While there are other reasons children experience hallucinations, psychiatric disorders may be the root cause.  For example, schizophrenia, schizophreniform disorders, and mood disorders with psychotic features all include hallucinations as symptoms.[6] However, there are other psychiatric disorders in which hallucinations are not symptoms of, but can occur as associated symptoms.¹ Examples of such disorders are ADHD, disruptive disorders, anxiety disorders, posttraumatic stress disorder, dissociative disorders, and oppositional defiant disorder.¹ Also, some medicines, such as steroids, anticholinergics, and stimulants, can cause hallucinations to occur, as well as the abuse of illegal substances.¹ Children may also form hallucinations to deal with abuse or in mourning of a deceased parent.[7]
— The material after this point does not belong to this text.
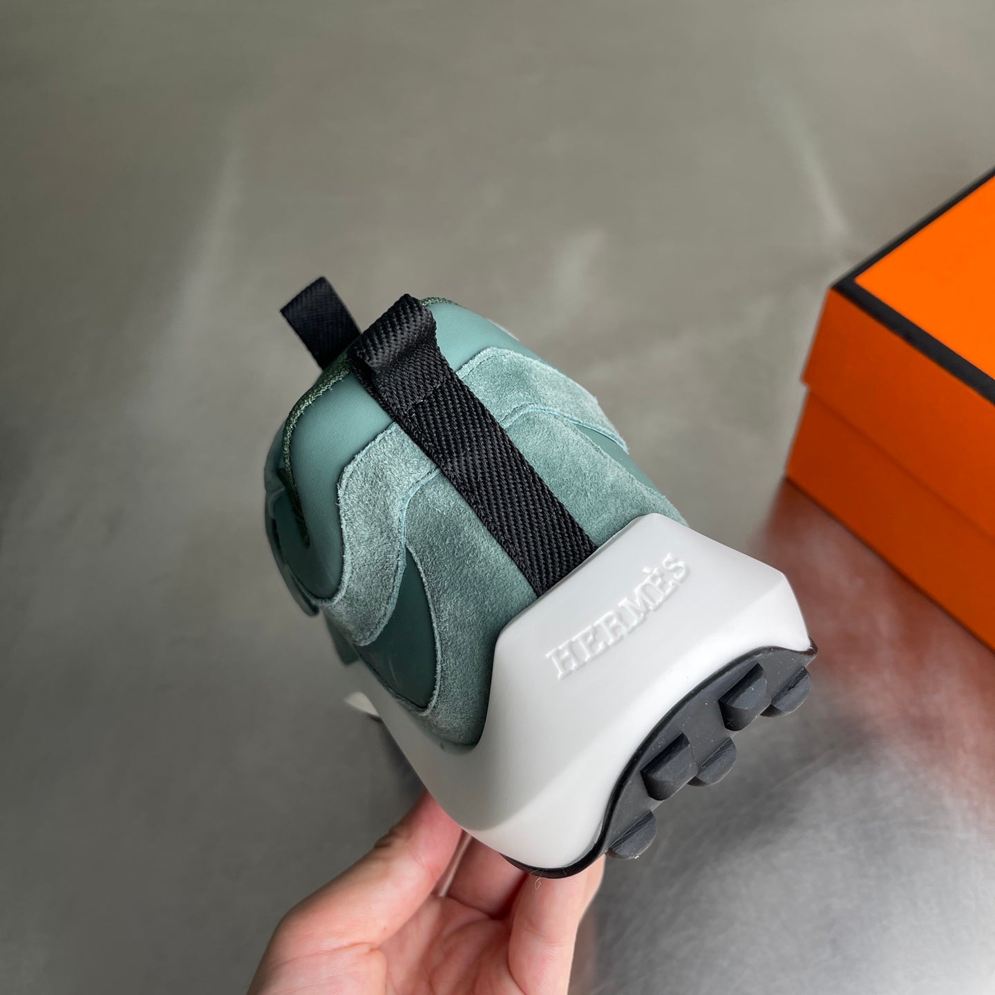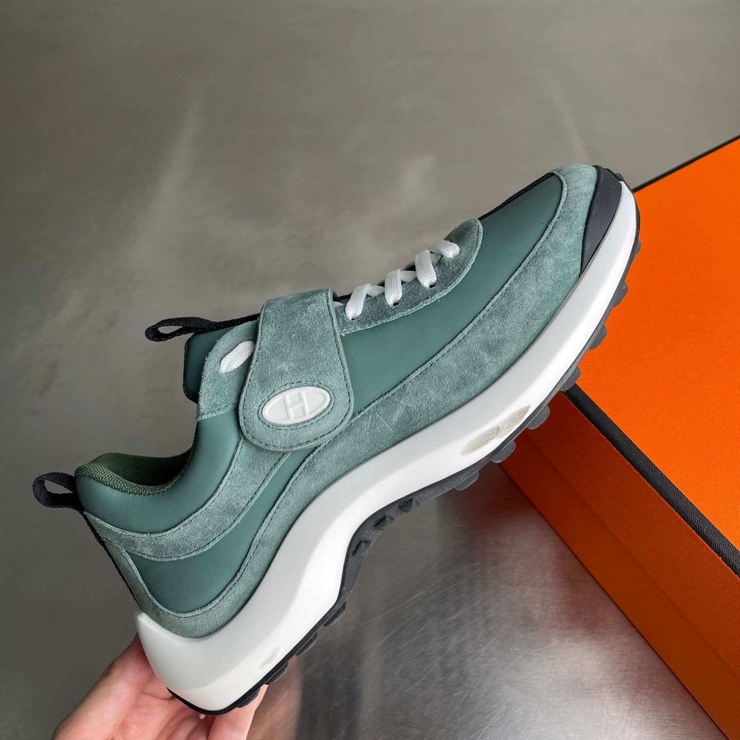 HM Men's Loop Sneaker Light Green Calfskin Suede 741465

There are also many medical causes for hallucinations, including metabolic disorders, fever, and infections.[8] Also, seizure disorders can cause hallucinations, although rare. Usually the hallucinations associated with seizures are unformed, such as flashing lights or rushing noises, or formed, such as images, spoken words, or music.¹ Migraines, which occur in about five percent of children, often cause visual hallucinations.[9]

Despite the cause of hallucinations, there are treatment options. First and foremost, addressing any underlying medical or psychiatric condition is imperative, including substance abuse.¹ While there is no age at which it is better to begin treatment for children at risk for developing a psychotic disorder, the earlier the symptoms are noted, the better. Although many assessment scales that aid in early identification are not standardized for children, there are some that can still assess a child accurately, including the Scale of Prodromal Symptoms, Structured Interview for Prodromal Symptoms, Comprehensive Assessment of At-Risk Mental States, and the Bonn Scale for the Assessment of Basic Symptoms.¹ Also, a child may be considered to be prodromal if there has been a 30 percent drop in their Global Assessment Functioning score within the past month or if a relative has affective or nonaffective psychotic disorder or schizotypal personality disorder.[10]
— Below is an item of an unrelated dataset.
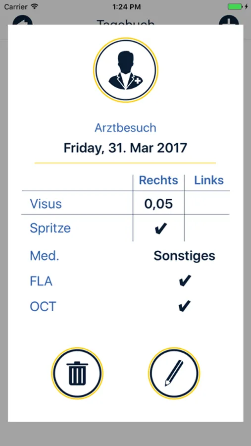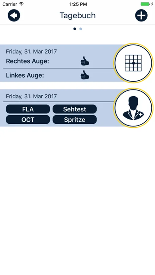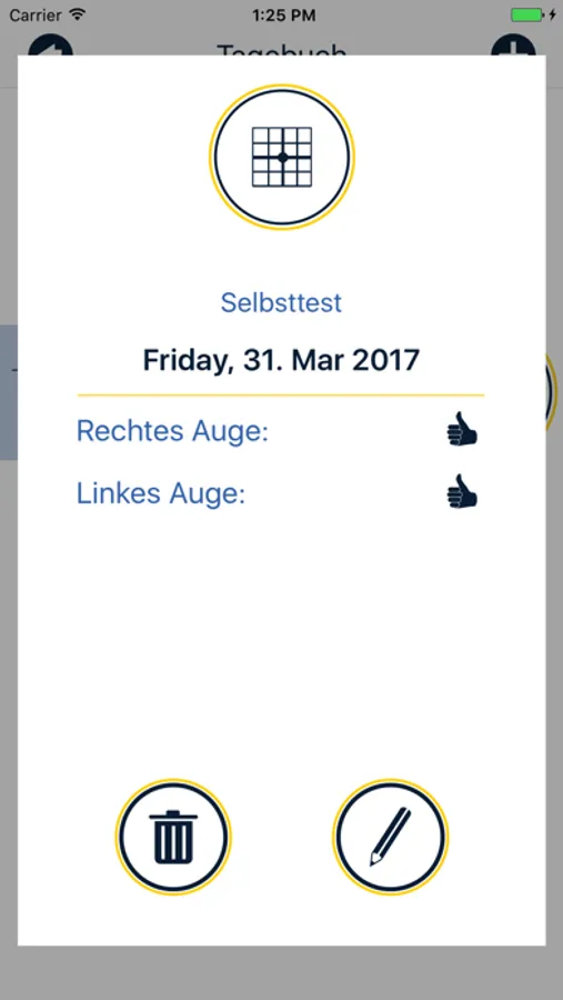 Im „AugenPass“-Tagebuch dokumentieren Sie ganz einfach Ihre Augenarztbesuche, halten Ihre Untersuchungsergebnisse fest oder können selbstständig Sehtests mit dem Amsler-Gitter durchführen. Zudem können Sie einen Bericht über den Verlauf der Erkrankung und durchgeführten (Injektions-) Therapie erstellen.

While treating a child with antipsychotics should be done cautiously, the use of cognitive-behavioral therapy (CBT) is safe and effective.¹ CBT is known to slow the progression of a child to psychosis, especially in high-risk patients.[11] The focus of the therapy is on the underlying and personalized meaning of the hallucinations, and the child learns to understand what the hallucinations mean, how they began, what they are, and how the child can stop them.[12] Coping strategies, including “normalizing” the hallucinations, are used.[13] The therapist oftentimes explains the common reasons the hallucinations occur, including lack of sleep, isolation, extreme stress, fever, lack of food, and substance abuse.¹ Also, the child learns that the voices are only real if they believe them, learning to cope with the hallucinations by humming, listening to music, reading, exercising, singing, taking medicine, and ignoring them.¹ Through CBT, children are able to control their hallucinations.